=== YOUR TASK ===
Which lines below mention "Collins"? Pick each one out.
-------- DATASET ENTRIES --------
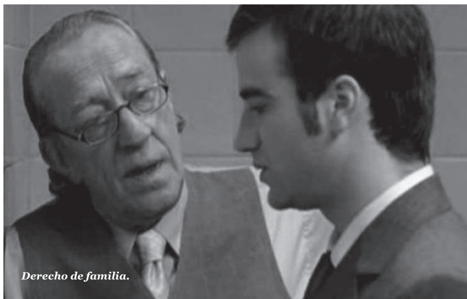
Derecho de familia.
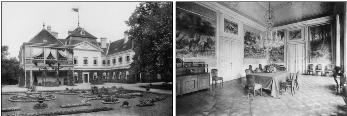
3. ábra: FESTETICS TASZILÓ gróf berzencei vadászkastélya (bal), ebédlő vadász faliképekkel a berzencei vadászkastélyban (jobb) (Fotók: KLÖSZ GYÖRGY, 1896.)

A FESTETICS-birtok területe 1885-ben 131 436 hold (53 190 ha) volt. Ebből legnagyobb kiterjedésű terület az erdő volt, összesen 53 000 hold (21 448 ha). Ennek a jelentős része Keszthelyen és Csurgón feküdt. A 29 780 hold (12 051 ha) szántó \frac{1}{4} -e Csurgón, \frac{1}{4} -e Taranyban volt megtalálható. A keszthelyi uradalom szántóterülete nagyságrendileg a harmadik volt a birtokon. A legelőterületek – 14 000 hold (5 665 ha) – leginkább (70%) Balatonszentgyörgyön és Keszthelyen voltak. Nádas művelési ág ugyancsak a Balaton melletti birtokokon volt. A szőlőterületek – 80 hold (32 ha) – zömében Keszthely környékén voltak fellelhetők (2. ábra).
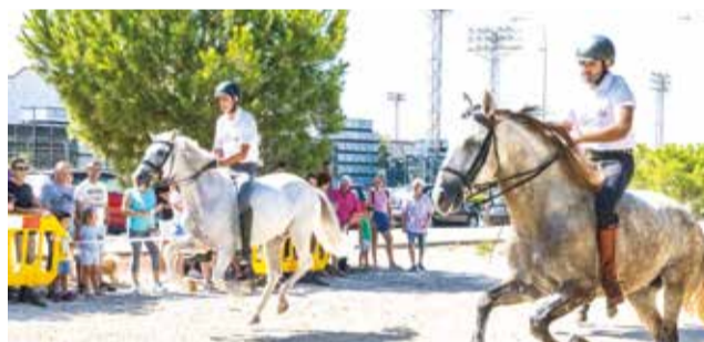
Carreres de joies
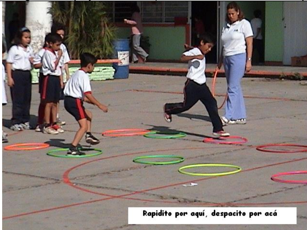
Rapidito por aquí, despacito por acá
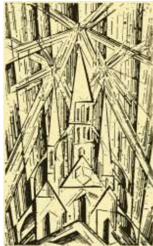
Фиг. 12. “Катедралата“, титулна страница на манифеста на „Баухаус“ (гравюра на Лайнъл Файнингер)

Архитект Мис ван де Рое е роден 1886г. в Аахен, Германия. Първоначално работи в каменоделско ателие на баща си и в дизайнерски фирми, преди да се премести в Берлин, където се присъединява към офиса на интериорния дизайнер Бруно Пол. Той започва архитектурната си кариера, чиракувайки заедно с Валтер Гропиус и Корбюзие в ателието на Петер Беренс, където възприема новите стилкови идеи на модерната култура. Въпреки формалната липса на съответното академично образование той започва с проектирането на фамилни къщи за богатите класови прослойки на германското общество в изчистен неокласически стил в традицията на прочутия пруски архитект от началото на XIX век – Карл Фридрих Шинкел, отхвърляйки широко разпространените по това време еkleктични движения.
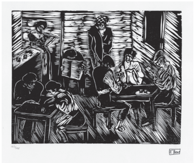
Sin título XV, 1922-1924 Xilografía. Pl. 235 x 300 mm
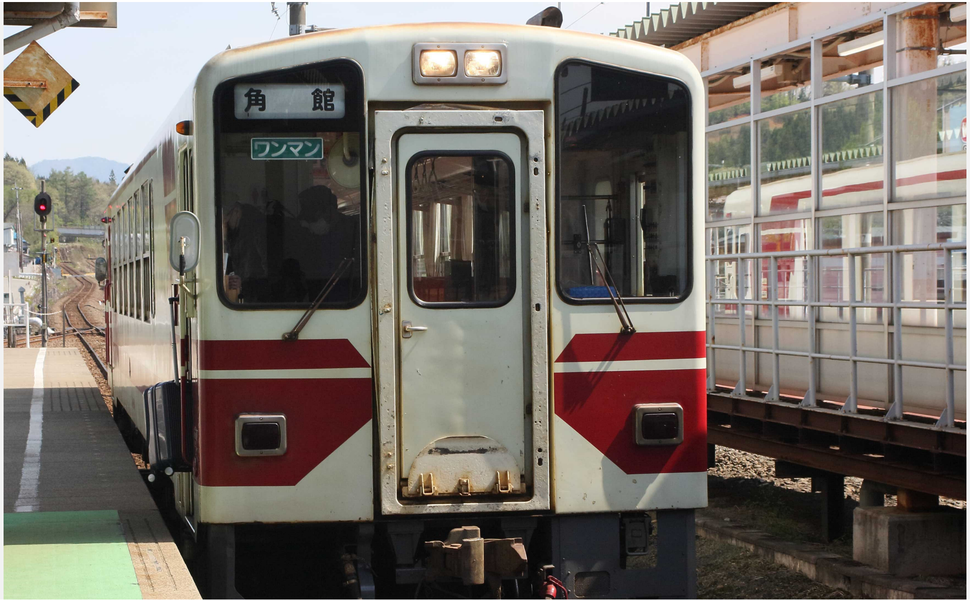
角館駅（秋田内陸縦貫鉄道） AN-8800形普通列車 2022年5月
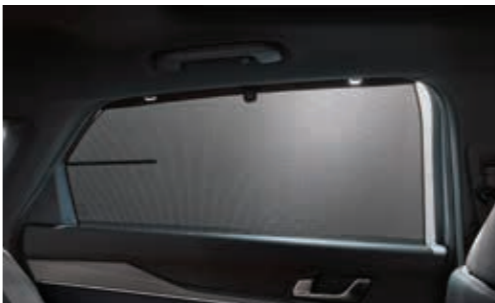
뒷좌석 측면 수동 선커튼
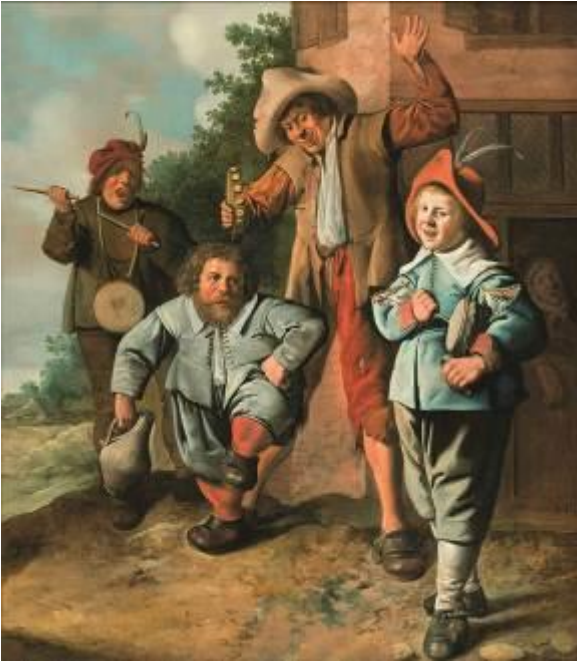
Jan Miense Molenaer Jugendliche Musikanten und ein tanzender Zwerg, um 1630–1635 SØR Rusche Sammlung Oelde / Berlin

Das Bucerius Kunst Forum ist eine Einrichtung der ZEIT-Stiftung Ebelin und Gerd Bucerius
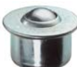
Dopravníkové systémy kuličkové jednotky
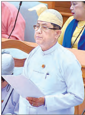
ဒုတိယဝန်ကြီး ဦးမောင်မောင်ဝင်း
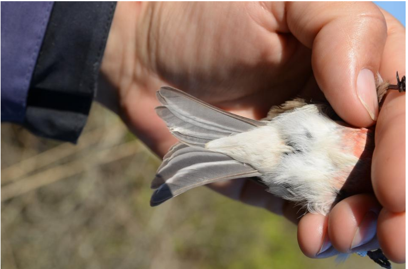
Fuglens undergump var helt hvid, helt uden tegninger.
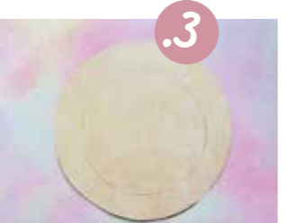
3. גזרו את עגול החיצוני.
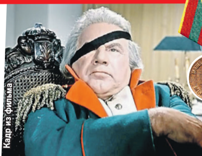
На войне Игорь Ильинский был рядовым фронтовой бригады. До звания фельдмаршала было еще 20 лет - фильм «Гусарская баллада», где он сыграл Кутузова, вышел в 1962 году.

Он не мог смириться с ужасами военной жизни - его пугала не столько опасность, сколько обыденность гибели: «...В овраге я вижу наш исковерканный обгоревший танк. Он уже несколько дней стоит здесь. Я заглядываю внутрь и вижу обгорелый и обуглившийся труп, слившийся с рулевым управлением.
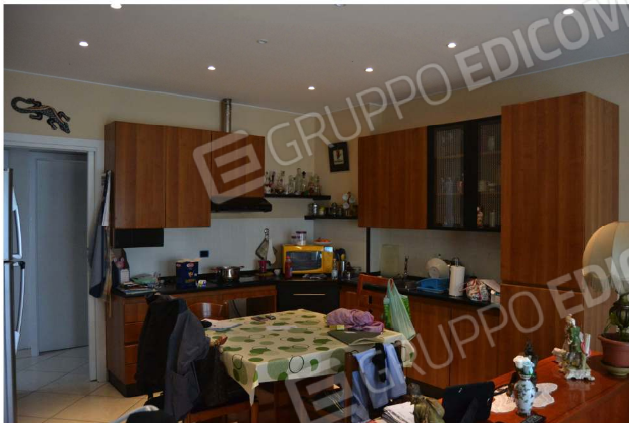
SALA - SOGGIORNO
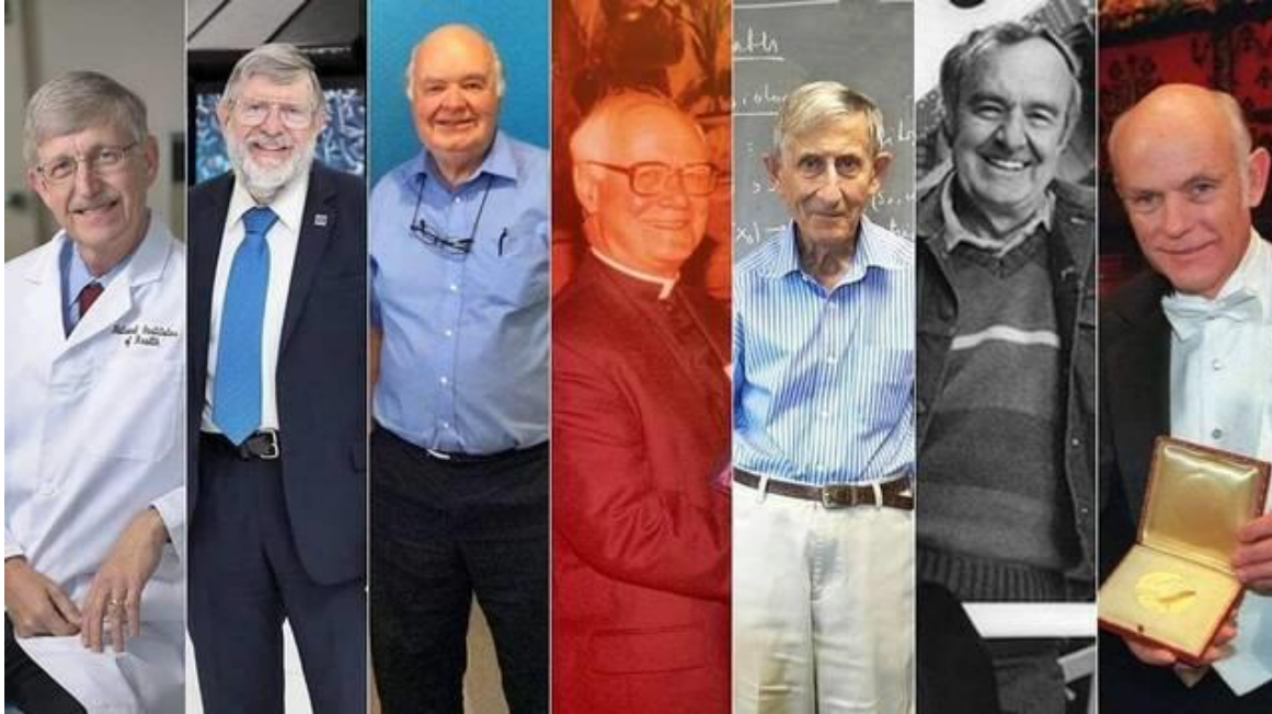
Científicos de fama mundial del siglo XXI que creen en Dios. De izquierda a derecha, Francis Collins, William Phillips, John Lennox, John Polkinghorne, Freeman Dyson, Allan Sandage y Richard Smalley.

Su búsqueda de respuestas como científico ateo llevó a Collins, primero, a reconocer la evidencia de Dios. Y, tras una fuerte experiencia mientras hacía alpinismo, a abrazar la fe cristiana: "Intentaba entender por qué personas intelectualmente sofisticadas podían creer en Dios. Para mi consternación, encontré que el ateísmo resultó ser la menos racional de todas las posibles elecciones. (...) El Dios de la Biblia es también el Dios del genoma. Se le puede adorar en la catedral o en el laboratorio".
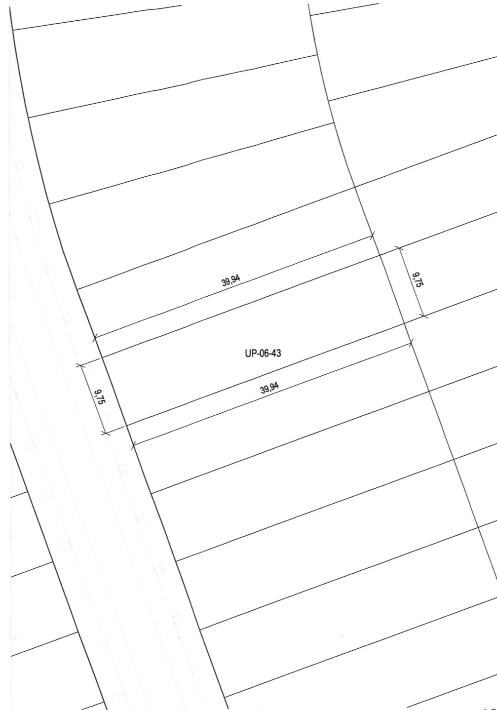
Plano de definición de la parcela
--------
=== TASK SOLUTION ===
Científicos de fama mundial del siglo XXI que creen en Dios. De izquierda a derecha, Francis Collins, William Phillips, John Lennox, John Polkinghorne, Freeman Dyson, Allan Sandage y Richard Smalley.
Su búsqueda de respuestas como científico ateo llevó a Collins, primero, a reconocer la evidencia de Dios. Y, tras una fuerte experiencia mientras hacía alpinismo, a abrazar la fe cristiana: "Intentaba entender por qué personas intelectualmente sofisticadas podían creer en Dios. Para mi consternación, encontré que el ateísmo resultó ser la menos racional de todas las posibles elecciones. (...) El Dios de la Biblia es también el Dios del genoma. Se le puede adorar en la catedral o en el laboratorio".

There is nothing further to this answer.